┌────────
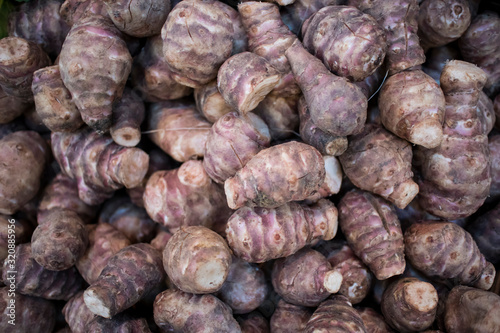 Fresh pink Jerusalem artichoke in box for sale in the market
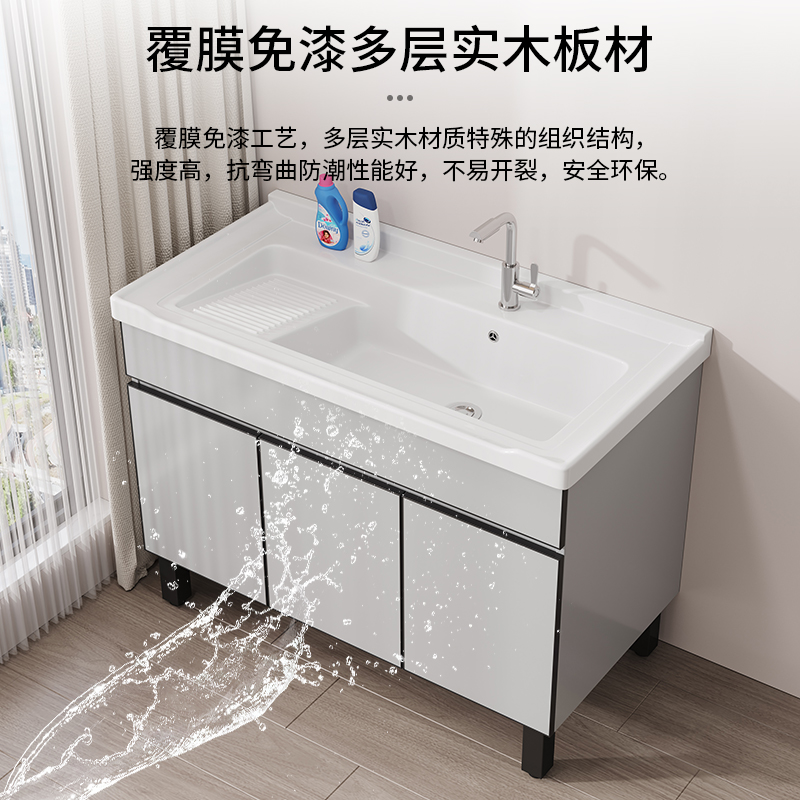 阳台多层实木洗衣池洗衣槽家用台池盆带搓板一体室外庭院石英石盆
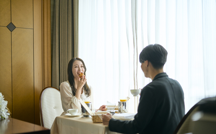 結婚式の翌朝は、ふたりでゆったり朝食を楽しんで。
└────────
*WORK ORDER*
With the pictures removed, return the data above word for word.

*EXERCISE ANSWER*
 Fresh pink Jerusalem artichoke in box for sale in the market
 阳台多层实木洗衣池洗衣槽家用台池盆带搓板一体室外庭院石英石盆
 結婚式の翌朝は、ふたりでゆったり朝食を楽しんで。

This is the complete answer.